The applicable statute says that a retailer can deduct from its gross sales "[a]ccounts of purchasers, representing taxable sales, on which the tax imposed by this Article has been paid, that are found to be worthless and actually charged off for income tax purposes."  N.C. Gen. Stat. §105-164.13(15).

Private Label Credit Cards

The bad debts which Home Depot was seeking to deduct were unpaid amounts on Home Depot's Private Label Credit Cards (PLLCs)(credit cards branded with Home Depot's colors and logo, usable only at Home Depot).

If a Home Depot customer does not pay his or her PLLC bill, doesn't Home Depot suffer a bad debt which it should be allowed to deduct from its gross sales?

You would think the answer should be "yes," but first you need to get into the business of PLLCs.  Home Depot doesn't actually extend the credit which its customers enjoy on their cards.  Home Depot, like many other companies that issue PLLCs, farms out the administration of its PLLC program to third party lenders.  In Home Depot's case, the lenders were General Electric Capital Financial, Inc., and Monogram Credit Card Bank of Georgia,  Op. ¶20(5).

The third party banks owned the PLLC accounts.  The banks settled up with Home Depot at the end of each day, paying Home Depot the amount charged by the customer less a service fee.  Op. ¶20(16-17).  The bank, not Home Depot, bore the risk of non-payment.

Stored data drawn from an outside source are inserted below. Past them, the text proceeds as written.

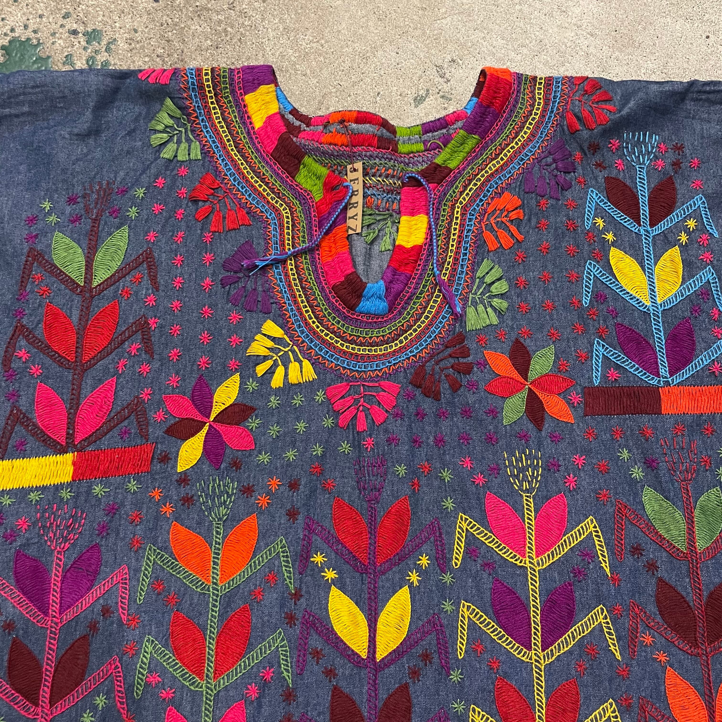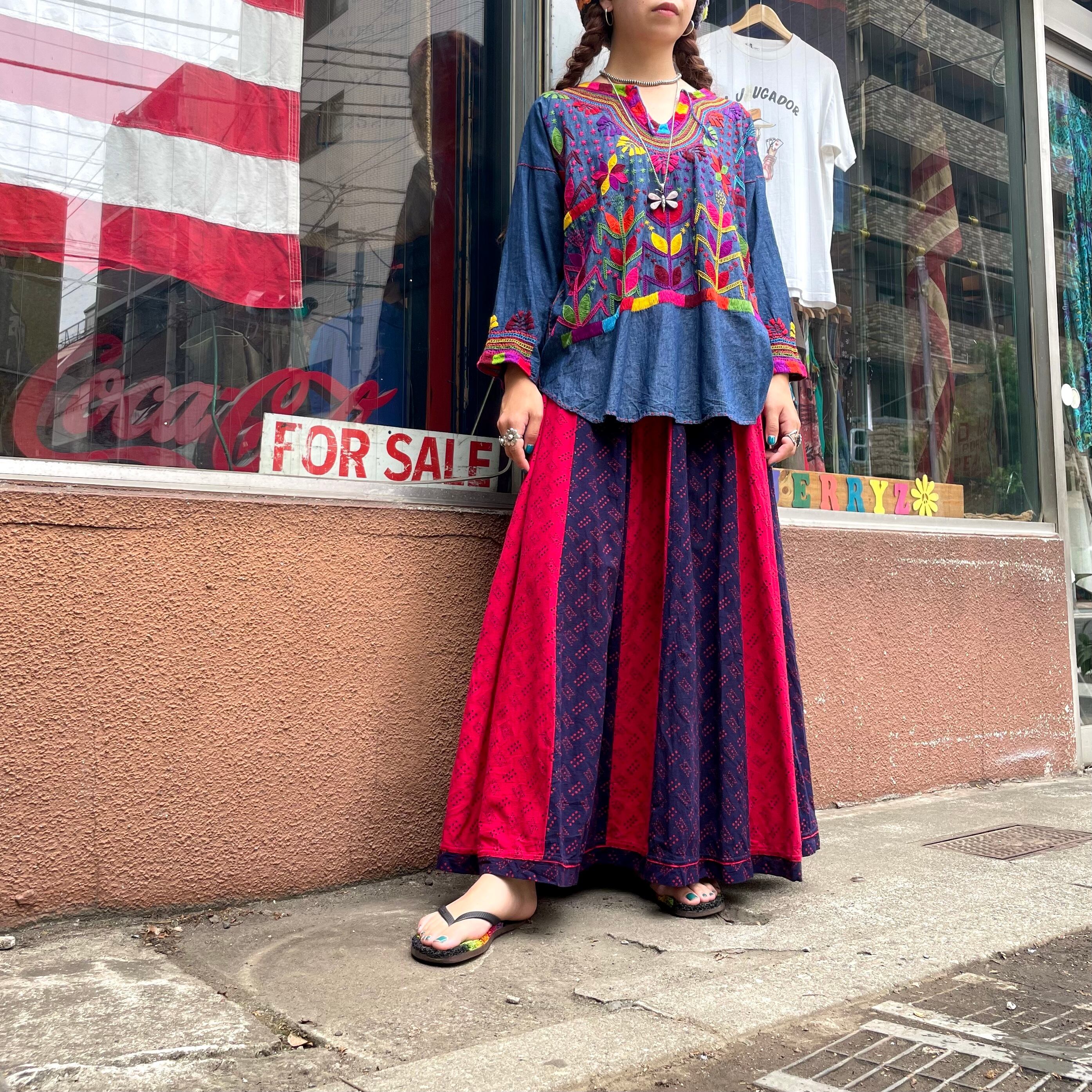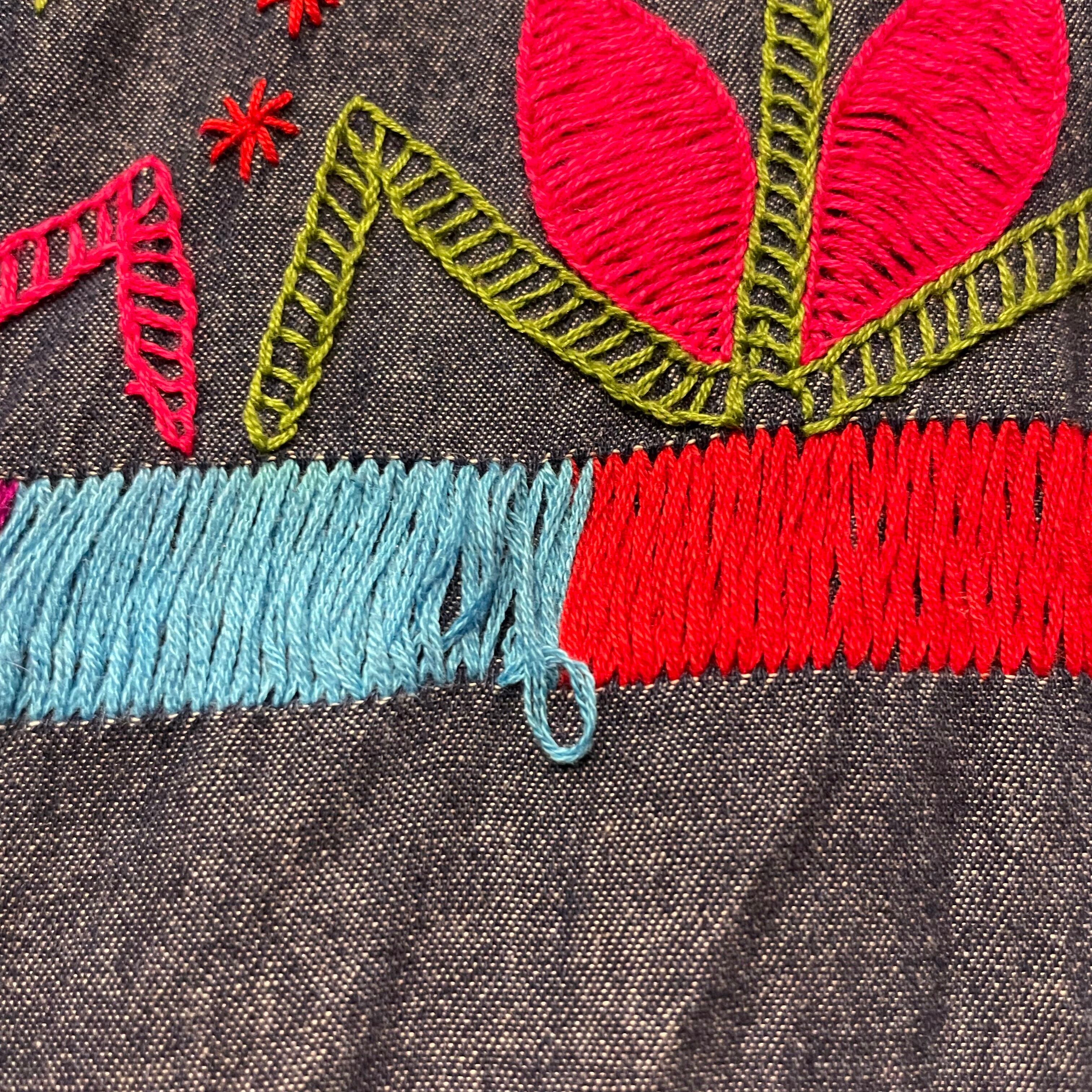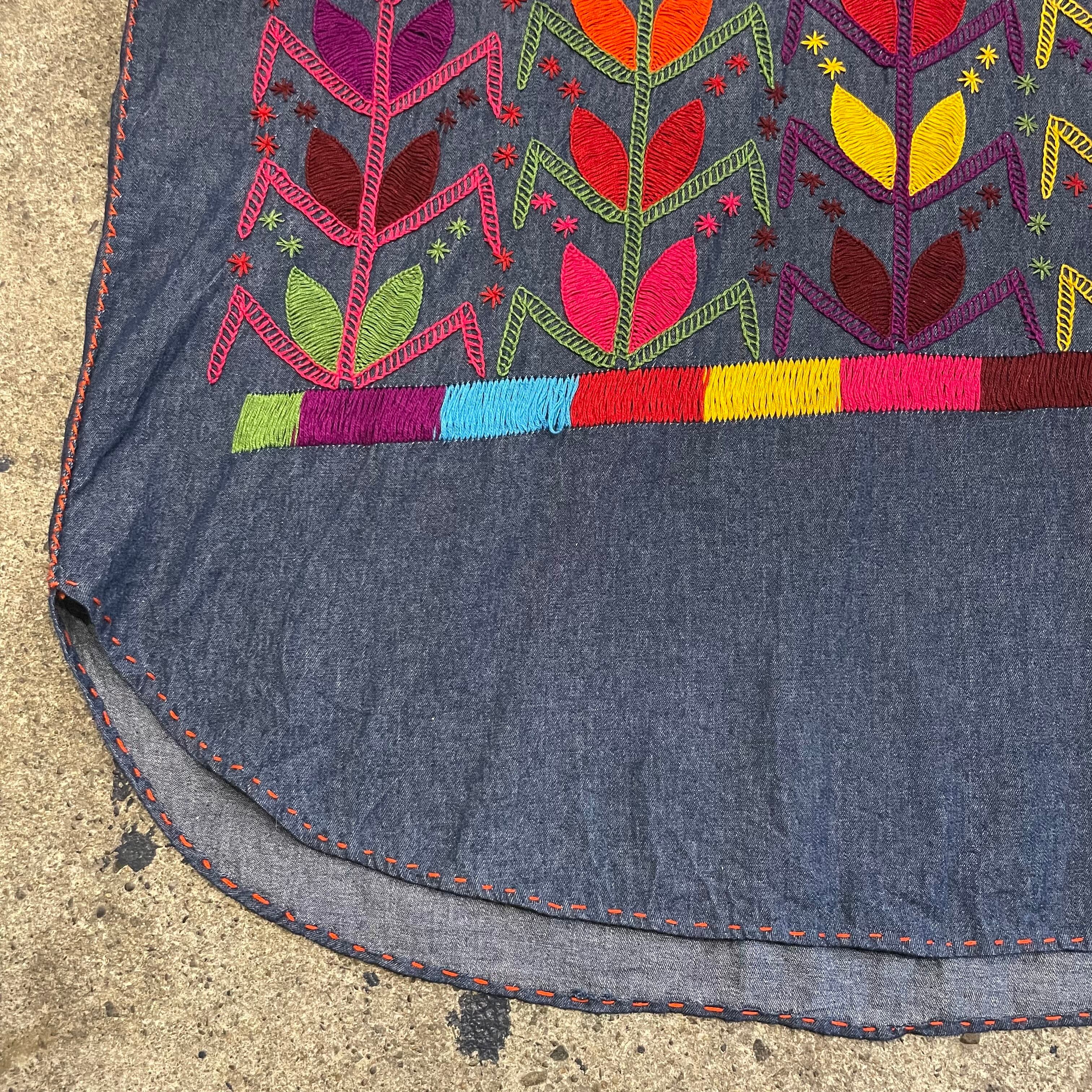 カラフルな手刺繍がかわいいシャンブレーっぽい素材のトップスです。
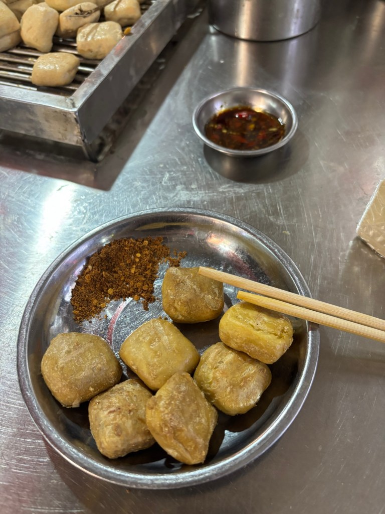 Die örtliche Spezialität will ich zum Abschluss nicht unerwähnt lassen, zumal sie zur Abwechslung vegetarisch ist. Tofu wird in Würfeln über Holzkohle auf dem Rost gegrillt und dann mit absurd scharfem Öl und nochmal zusätzlich scharfen Gewürzen verspeist. Der Tofu ist irgendeine Art von „stinky tofu“, den ich in Taiwan schon vermieden habe. Er stinkt aber nicht ganz so erbärmlich wie der in Taiwan. Ich habe todesmutig probiert. Vom stinky Aroma kommt unter der ganzen Schärfe nicht mehr viel zur Geltung, aber mein Lieblingsgericht wird es wohl dennoch nicht.
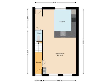 Entree/hal, trapopgang, woonkamer met open witte keuken met lichtgrijs aanrechtblad, koelkast, combi-oven, inductiekookplaat, afzuigkap, diverse laden en spoelbak. Verder bevinden zich hier ook de meterkast en de toiletruimte. De achtertuin is bereikbaar via de achterdeur.

This case represents one of a number of cases where Home Depot has sought a state sales tax refund based on a bad debt deduction.  Home Depot has apparently not won a single one of these cases. The states where Home Depot has made the same arguments as in North Carolina and lost include: Alabama (Magee v.. Home Depot U.S.A., Inc., 230 So.3d 781 (Ala. App. 2011); Arizona (Home Depot U.S.A., Inc. v. Arizona Dept. of Revenue); Indiana (Home Depot U.S.A., Inc. v. Indiana Dept. of State Revenue, 891 N.E.2d 187 (Ind. Tax 2008);  New Jersey (Home Depot, U.S.A., Inc. v. Director, Division of Taxation); New York (In re Home Depot USA, Inc. v. Tax Appeals Tribunal);Ohio (Home Depot U.S.A., Inc. v. Levin, 905 N.E.2d 630 (Ohio 2009); Oklahoma (In re Sales Tax Claim for Refund of Home Depot, 198 P.3d 902 (Okla. App. 2008); and Washington (Home Depot, U.S.A., Inc. v. State Dept. of Revenue); 

Home Depot can now add North Carolina to its list of losses.  This was an appeal to the Business Court, from a final Agency Decision of the DOR, which had affirmed a grant of summary judgment against Home Depot by an Administrative Law Judge.  Home Depot didn't get traction in the Business Court with any of its arguments.